**What to do:**
Repeat the listing below exactly. Pictures do not belong in the copy.

**Available data:**

-----

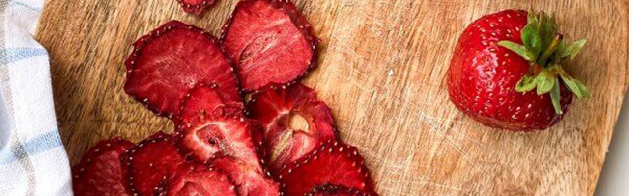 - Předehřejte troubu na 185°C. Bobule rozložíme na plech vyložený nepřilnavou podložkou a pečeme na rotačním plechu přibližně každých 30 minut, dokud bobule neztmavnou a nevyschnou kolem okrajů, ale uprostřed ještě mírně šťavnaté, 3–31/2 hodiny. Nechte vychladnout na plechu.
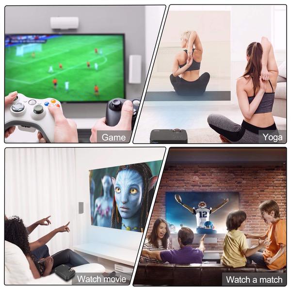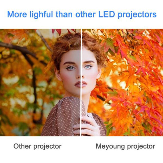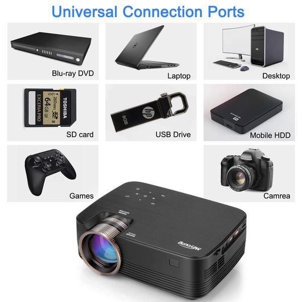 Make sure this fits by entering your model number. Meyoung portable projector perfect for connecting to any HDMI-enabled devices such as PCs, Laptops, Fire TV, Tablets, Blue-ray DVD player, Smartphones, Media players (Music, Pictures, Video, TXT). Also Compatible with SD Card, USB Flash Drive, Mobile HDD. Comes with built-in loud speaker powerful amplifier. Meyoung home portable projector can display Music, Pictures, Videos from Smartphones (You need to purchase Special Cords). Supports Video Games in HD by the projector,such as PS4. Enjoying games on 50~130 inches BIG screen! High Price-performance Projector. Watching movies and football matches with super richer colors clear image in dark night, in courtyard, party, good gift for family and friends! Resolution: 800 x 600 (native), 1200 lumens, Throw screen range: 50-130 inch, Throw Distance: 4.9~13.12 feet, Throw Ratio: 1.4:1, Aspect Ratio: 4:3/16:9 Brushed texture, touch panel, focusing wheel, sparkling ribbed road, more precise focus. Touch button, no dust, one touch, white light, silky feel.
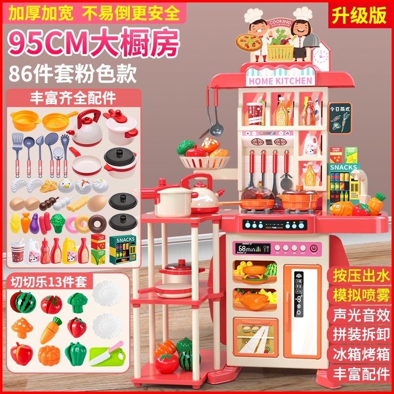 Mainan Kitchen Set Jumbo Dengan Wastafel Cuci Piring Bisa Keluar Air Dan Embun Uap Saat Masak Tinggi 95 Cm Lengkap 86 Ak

-----

**Written solution:**
 - Předehřejte troubu na 185°C. Bobule rozložíme na plech vyložený nepřilnavou podložkou a pečeme na rotačním plechu přibližně každých 30 minut, dokud bobule neztmavnou a nevyschnou kolem okrajů, ale uprostřed ještě mírně šťavnaté, 3–31/2 hodiny. Nechte vychladnout na plechu.
 Make sure this fits by entering your model number. Meyoung portable projector perfect for connecting to any HDMI-enabled devices such as PCs, Laptops, Fire TV, Tablets, Blue-ray DVD player, Smartphones, Media players (Music, Pictures, Video, TXT). Also Compatible with SD Card, USB Flash Drive, Mobile HDD. Comes with built-in loud speaker powerful amplifier. Meyoung home portable projector can display Music, Pictures, Videos from Smartphones (You need to purchase Special Cords). Supports Video Games in HD by the projector,such as PS4. Enjoying games on 50~130 inches BIG screen! High Price-performance Projector. Watching movies and football matches with super richer colors clear image in dark night, in courtyard, party, good gift for family and friends! Resolution: 800 x 600 (native), 1200 lumens, Throw screen range: 50-130 inch, Throw Distance: 4.9~13.12 feet, Throw Ratio: 1.4:1, Aspect Ratio: 4:3/16:9 Brushed texture, touch panel, focusing wheel, sparkling ribbed road, more precise focus. Touch button, no dust, one touch, white light, silky feel.
 Mainan Kitchen Set Jumbo Dengan Wastafel Cuci Piring Bisa Keluar Air Dan Embun Uap Saat Masak Tinggi 95 Cm Lengkap 86 Ak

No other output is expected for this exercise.